Try it
An exact transcription of the entries is required, with no images included.

>>

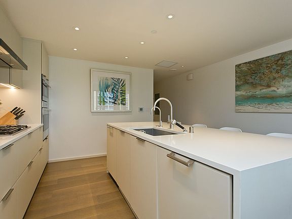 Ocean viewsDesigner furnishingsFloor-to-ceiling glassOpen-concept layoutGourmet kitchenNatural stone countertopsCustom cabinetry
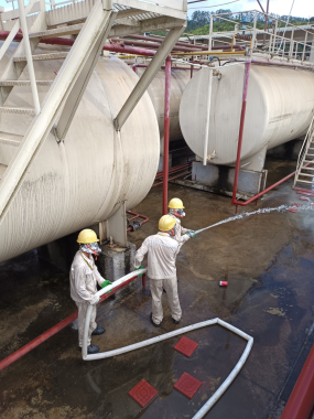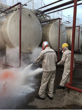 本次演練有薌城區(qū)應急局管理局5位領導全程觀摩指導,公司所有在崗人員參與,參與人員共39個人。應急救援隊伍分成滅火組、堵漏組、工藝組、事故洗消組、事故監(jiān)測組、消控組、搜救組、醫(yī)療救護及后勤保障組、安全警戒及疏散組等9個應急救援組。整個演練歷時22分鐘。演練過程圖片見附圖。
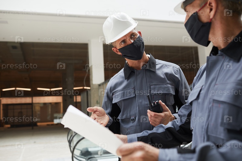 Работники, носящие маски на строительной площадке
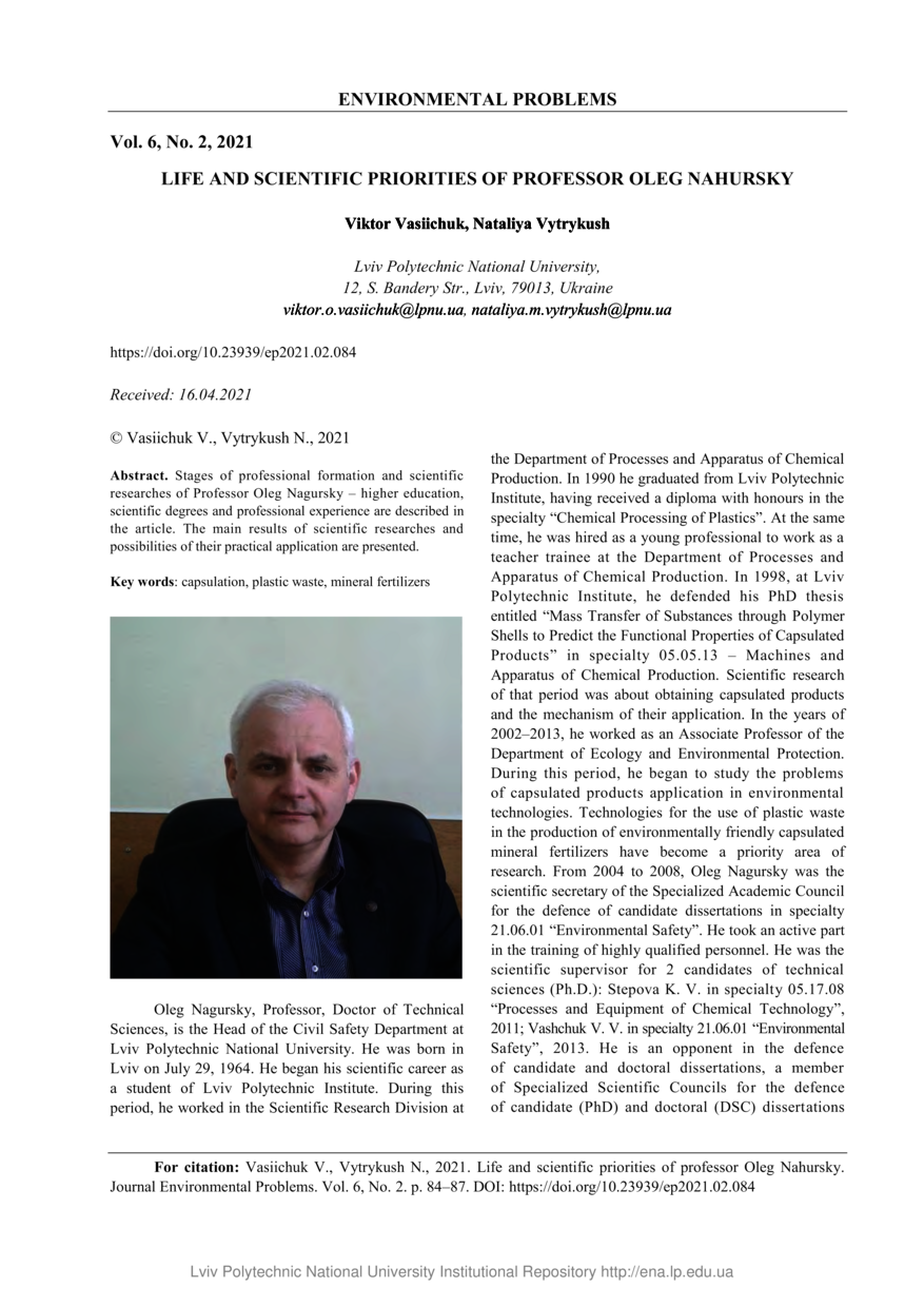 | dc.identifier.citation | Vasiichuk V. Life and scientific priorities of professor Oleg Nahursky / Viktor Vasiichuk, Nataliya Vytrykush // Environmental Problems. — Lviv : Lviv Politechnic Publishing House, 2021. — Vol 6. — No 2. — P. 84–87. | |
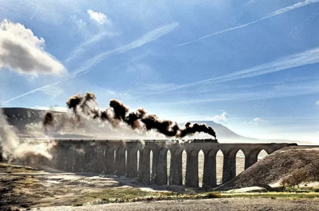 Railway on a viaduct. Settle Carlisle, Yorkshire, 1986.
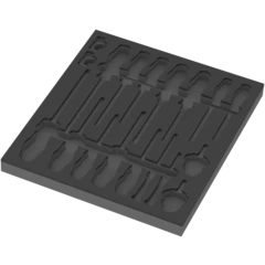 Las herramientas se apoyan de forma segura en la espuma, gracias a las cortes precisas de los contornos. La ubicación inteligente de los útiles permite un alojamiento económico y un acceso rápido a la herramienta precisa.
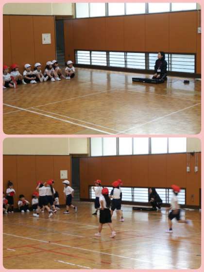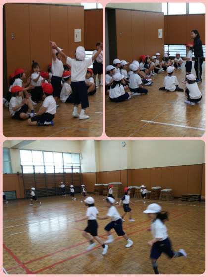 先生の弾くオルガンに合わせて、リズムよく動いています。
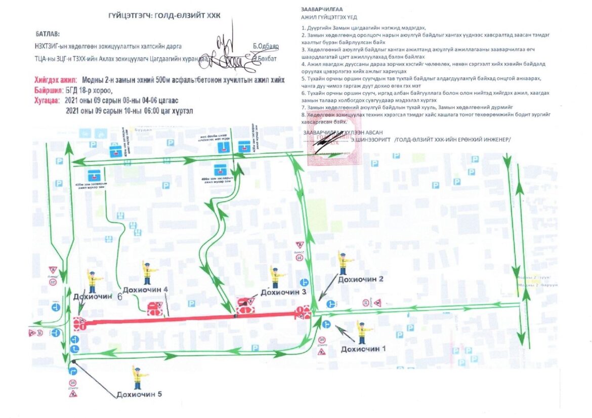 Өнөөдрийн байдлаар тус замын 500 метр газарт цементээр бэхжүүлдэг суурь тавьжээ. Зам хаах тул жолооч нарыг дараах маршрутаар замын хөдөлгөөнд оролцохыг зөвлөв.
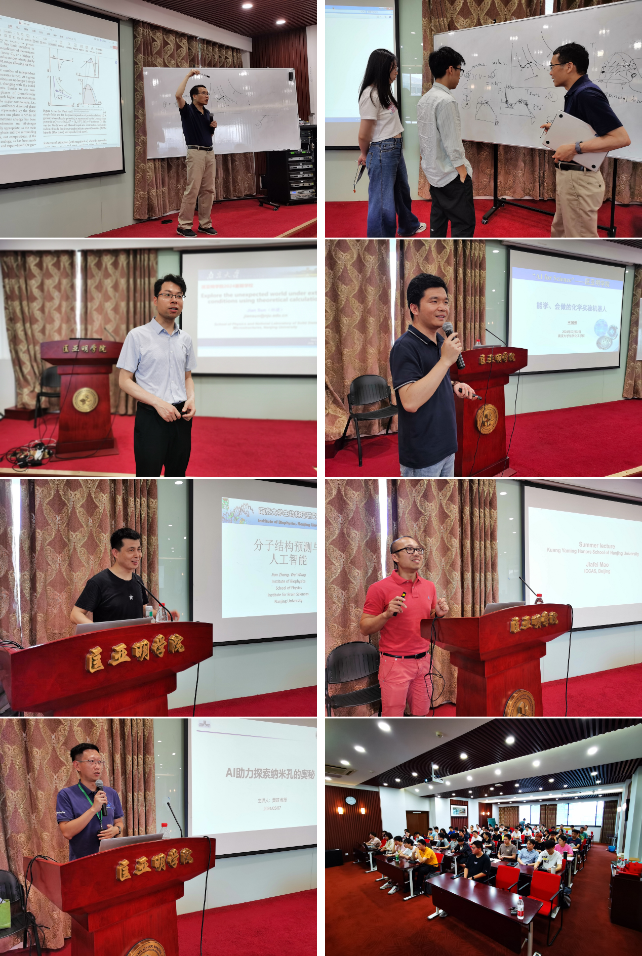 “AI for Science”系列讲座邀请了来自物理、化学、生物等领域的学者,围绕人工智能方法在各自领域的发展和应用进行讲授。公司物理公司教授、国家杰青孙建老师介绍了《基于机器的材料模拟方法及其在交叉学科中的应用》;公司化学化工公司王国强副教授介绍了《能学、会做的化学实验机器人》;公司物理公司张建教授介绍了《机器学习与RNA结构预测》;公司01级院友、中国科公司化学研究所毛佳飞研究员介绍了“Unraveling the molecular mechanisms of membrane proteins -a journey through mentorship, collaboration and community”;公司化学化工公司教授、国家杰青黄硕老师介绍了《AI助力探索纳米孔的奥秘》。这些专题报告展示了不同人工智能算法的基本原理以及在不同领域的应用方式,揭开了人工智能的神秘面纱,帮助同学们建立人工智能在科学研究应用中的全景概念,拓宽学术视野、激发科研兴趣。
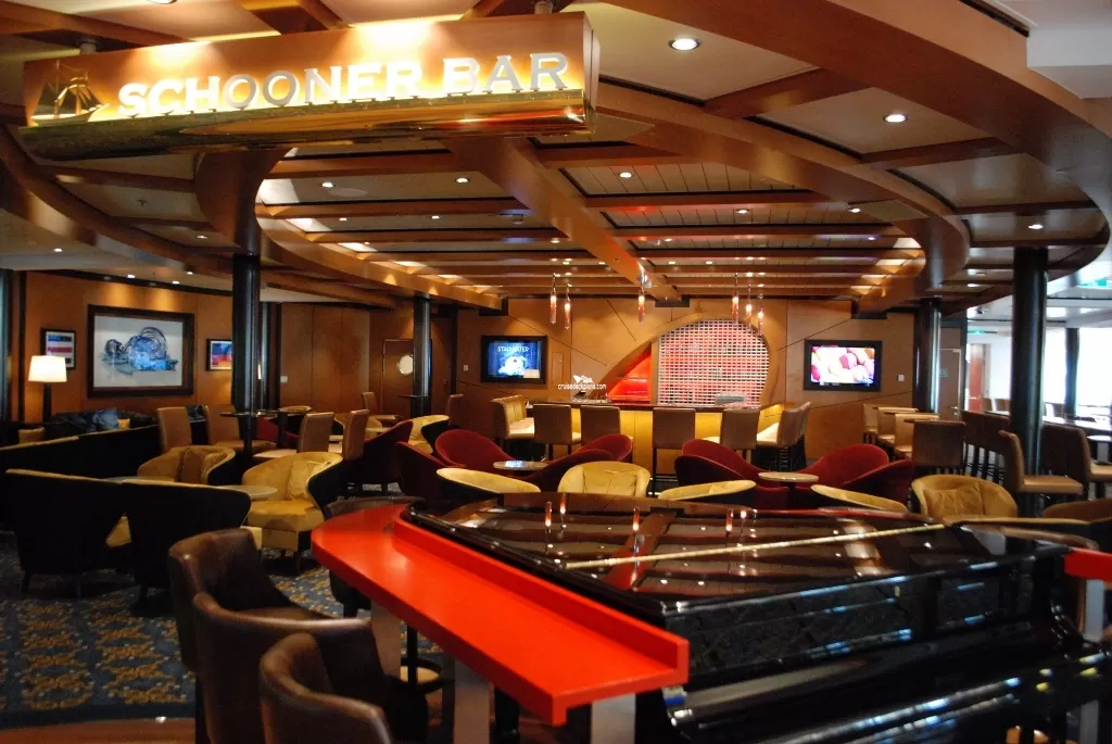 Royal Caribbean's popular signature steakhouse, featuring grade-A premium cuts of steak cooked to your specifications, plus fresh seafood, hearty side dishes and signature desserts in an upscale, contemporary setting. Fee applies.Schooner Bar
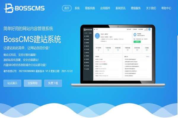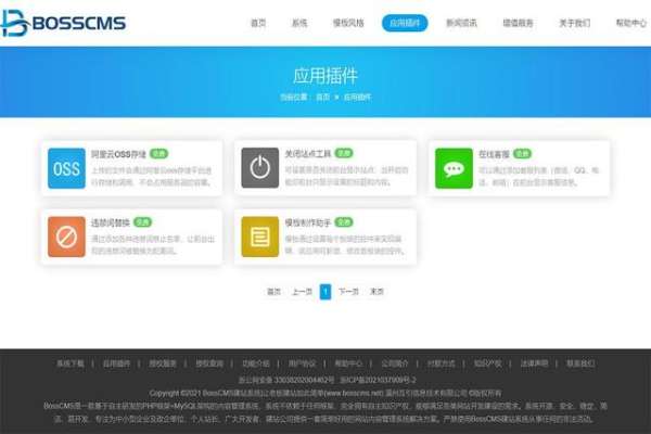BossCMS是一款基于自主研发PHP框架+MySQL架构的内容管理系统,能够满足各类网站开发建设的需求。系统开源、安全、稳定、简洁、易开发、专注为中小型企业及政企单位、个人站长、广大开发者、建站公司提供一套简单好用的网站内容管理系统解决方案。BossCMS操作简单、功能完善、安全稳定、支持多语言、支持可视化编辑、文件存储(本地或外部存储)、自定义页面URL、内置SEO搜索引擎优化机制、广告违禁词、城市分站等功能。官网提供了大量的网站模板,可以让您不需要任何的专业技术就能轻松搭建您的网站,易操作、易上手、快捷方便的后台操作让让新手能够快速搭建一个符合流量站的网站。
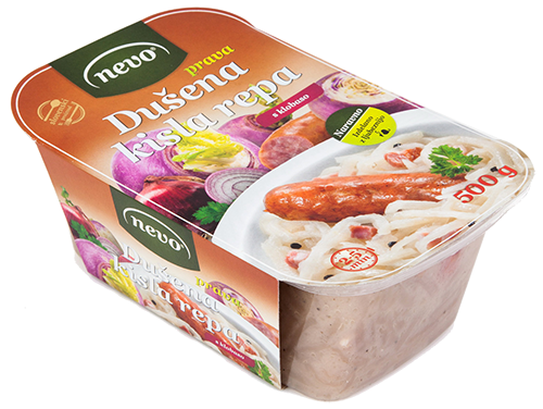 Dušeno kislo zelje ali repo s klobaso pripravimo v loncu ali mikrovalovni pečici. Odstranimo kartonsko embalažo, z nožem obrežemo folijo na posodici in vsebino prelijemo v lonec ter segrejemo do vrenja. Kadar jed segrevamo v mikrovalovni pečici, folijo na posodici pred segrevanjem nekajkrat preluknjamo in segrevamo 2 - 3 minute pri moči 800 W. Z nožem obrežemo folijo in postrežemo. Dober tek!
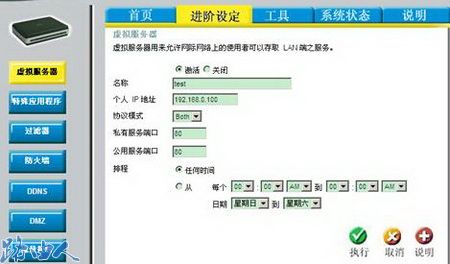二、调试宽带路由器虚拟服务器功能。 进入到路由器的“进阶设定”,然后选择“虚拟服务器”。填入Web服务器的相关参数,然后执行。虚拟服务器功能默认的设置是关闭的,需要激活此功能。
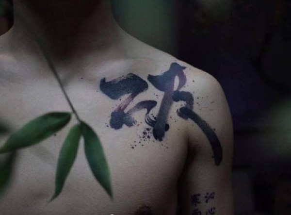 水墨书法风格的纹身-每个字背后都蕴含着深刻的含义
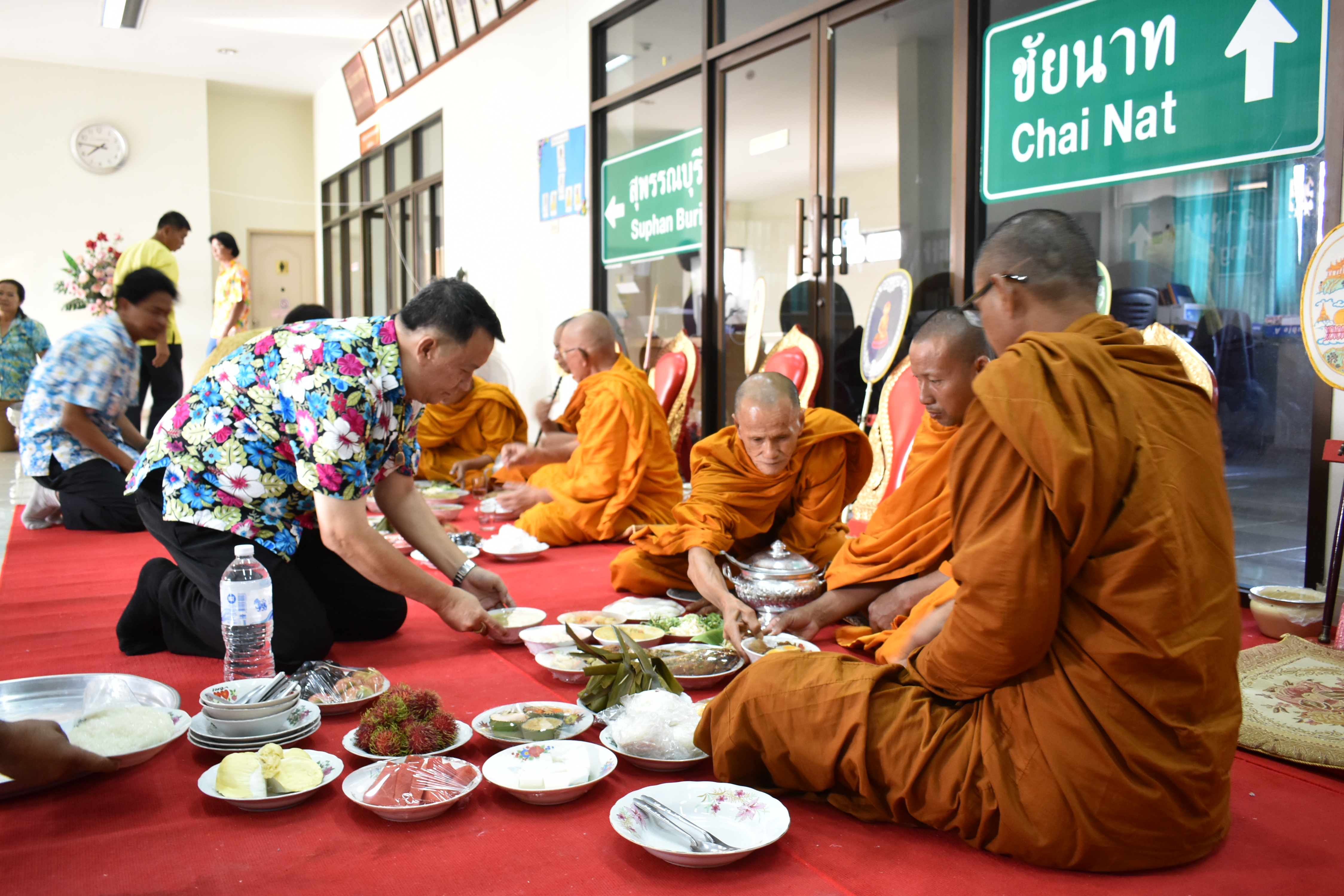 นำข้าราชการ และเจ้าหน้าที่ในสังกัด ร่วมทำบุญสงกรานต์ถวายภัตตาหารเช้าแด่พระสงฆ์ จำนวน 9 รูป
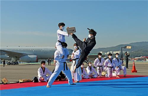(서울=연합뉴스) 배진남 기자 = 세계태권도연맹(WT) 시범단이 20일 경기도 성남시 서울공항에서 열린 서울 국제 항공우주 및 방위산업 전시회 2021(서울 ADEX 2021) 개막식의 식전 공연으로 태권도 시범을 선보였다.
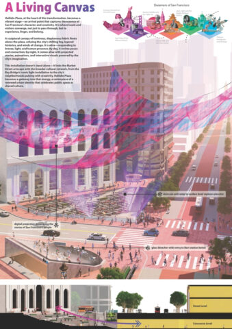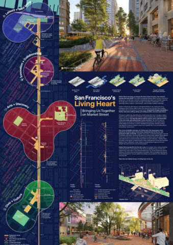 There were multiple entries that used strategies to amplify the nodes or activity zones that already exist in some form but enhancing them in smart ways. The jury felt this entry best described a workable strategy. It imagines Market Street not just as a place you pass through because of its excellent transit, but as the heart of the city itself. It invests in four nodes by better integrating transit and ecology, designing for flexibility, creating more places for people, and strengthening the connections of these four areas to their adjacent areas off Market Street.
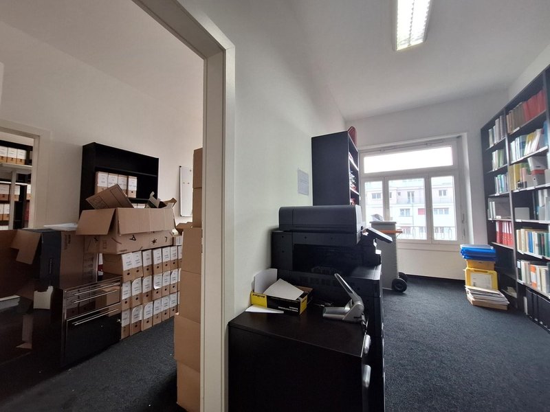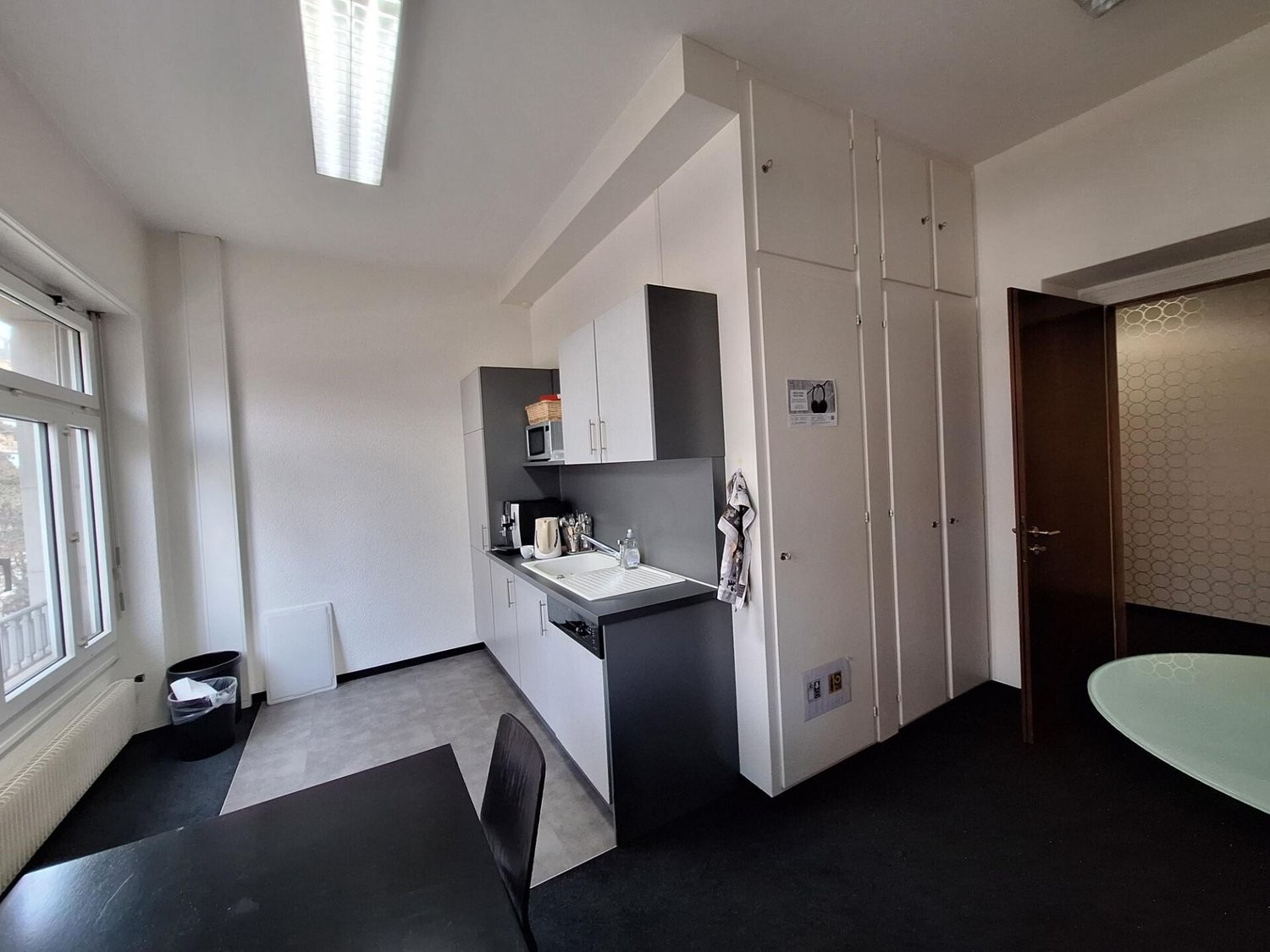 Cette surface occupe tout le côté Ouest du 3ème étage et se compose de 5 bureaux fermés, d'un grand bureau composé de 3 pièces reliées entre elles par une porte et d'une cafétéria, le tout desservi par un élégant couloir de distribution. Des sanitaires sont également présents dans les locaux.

<<

Task output
 Ocean viewsDesigner furnishingsFloor-to-ceiling glassOpen-concept layoutGourmet kitchenNatural stone countertopsCustom cabinetry
 本次演練有薌城區(qū)應急局管理局5位領導全程觀摩指導,公司所有在崗人員參與,參與人員共39個人。應急救援隊伍分成滅火組、堵漏組、工藝組、事故洗消組、事故監(jiān)測組、消控組、搜救組、醫(yī)療救護及后勤保障組、安全警戒及疏散組等9個應急救援組。整個演練歷時22分鐘。演練過程圖片見附圖。
 Работники, носящие маски на строительной площадке
 | dc.identifier.citation | Vasiichuk V. Life and scientific priorities of professor Oleg Nahursky / Viktor Vasiichuk, Nataliya Vytrykush // Environmental Problems. — Lviv : Lviv Politechnic Publishing House, 2021. — Vol 6. — No 2. — P. 84–87. | |
 Railway on a viaduct. Settle Carlisle, Yorkshire, 1986.
 Las herramientas se apoyan de forma segura en la espuma, gracias a las cortes precisas de los contornos. La ubicación inteligente de los útiles permite un alojamiento económico y un acceso rápido a la herramienta precisa.
 先生の弾くオルガンに合わせて、リズムよく動いています。
 Өнөөдрийн байдлаар тус замын 500 метр газарт цементээр бэхжүүлдэг суурь тавьжээ. Зам хаах тул жолооч нарыг дараах маршрутаар замын хөдөлгөөнд оролцохыг зөвлөв.
 “AI for Science”系列讲座邀请了来自物理、化学、生物等领域的学者,围绕人工智能方法在各自领域的发展和应用进行讲授。公司物理公司教授、国家杰青孙建老师介绍了《基于机器的材料模拟方法及其在交叉学科中的应用》;公司化学化工公司王国强副教授介绍了《能学、会做的化学实验机器人》;公司物理公司张建教授介绍了《机器学习与RNA结构预测》;公司01级院友、中国科公司化学研究所毛佳飞研究员介绍了“Unraveling the molecular mechanisms of membrane proteins -a journey through mentorship, collaboration and community”;公司化学化工公司教授、国家杰青黄硕老师介绍了《AI助力探索纳米孔的奥秘》。这些专题报告展示了不同人工智能算法的基本原理以及在不同领域的应用方式,揭开了人工智能的神秘面纱,帮助同学们建立人工智能在科学研究应用中的全景概念,拓宽学术视野、激发科研兴趣。
 Royal Caribbean's popular signature steakhouse, featuring grade-A premium cuts of steak cooked to your specifications, plus fresh seafood, hearty side dishes and signature desserts in an upscale, contemporary setting. Fee applies.Schooner Bar
BossCMS是一款基于自主研发PHP框架+MySQL架构的内容管理系统,能够满足各类网站开发建设的需求。系统开源、安全、稳定、简洁、易开发、专注为中小型企业及政企单位、个人站长、广大开发者、建站公司提供一套简单好用的网站内容管理系统解决方案。BossCMS操作简单、功能完善、安全稳定、支持多语言、支持可视化编辑、文件存储(本地或外部存储)、自定义页面URL、内置SEO搜索引擎优化机制、广告违禁词、城市分站等功能。官网提供了大量的网站模板,可以让您不需要任何的专业技术就能轻松搭建您的网站,易操作、易上手、快捷方便的后台操作让让新手能够快速搭建一个符合流量站的网站。
 Dušeno kislo zelje ali repo s klobaso pripravimo v loncu ali mikrovalovni pečici. Odstranimo kartonsko embalažo, z nožem obrežemo folijo na posodici in vsebino prelijemo v lonec ter segrejemo do vrenja. Kadar jed segrevamo v mikrovalovni pečici, folijo na posodici pred segrevanjem nekajkrat preluknjamo in segrevamo 2 - 3 minute pri moči 800 W. Z nožem obrežemo folijo in postrežemo. Dober tek!
二、调试宽带路由器虚拟服务器功能。 进入到路由器的“进阶设定”,然后选择“虚拟服务器”。填入Web服务器的相关参数,然后执行。虚拟服务器功能默认的设置是关闭的,需要激活此功能。
 水墨书法风格的纹身-每个字背后都蕴含着深刻的含义
 นำข้าราชการ และเจ้าหน้าที่ในสังกัด ร่วมทำบุญสงกรานต์ถวายภัตตาหารเช้าแด่พระสงฆ์ จำนวน 9 รูป
(서울=연합뉴스) 배진남 기자 = 세계태권도연맹(WT) 시범단이 20일 경기도 성남시 서울공항에서 열린 서울 국제 항공우주 및 방위산업 전시회 2021(서울 ADEX 2021) 개막식의 식전 공연으로 태권도 시범을 선보였다.
 There were multiple entries that used strategies to amplify the nodes or activity zones that already exist in some form but enhancing them in smart ways. The jury felt this entry best described a workable strategy. It imagines Market Street not just as a place you pass through because of its excellent transit, but as the heart of the city itself. It invests in four nodes by better integrating transit and ecology, designing for flexibility, creating more places for people, and strengthening the connections of these four areas to their adjacent areas off Market Street.
 Cette surface occupe tout le côté Ouest du 3ème étage et se compose de 5 bureaux fermés, d'un grand bureau composé de 3 pièces reliées entre elles par une porte et d'une cafétéria, le tout desservi par un élégant couloir de distribution. Des sanitaires sont également présents dans les locaux.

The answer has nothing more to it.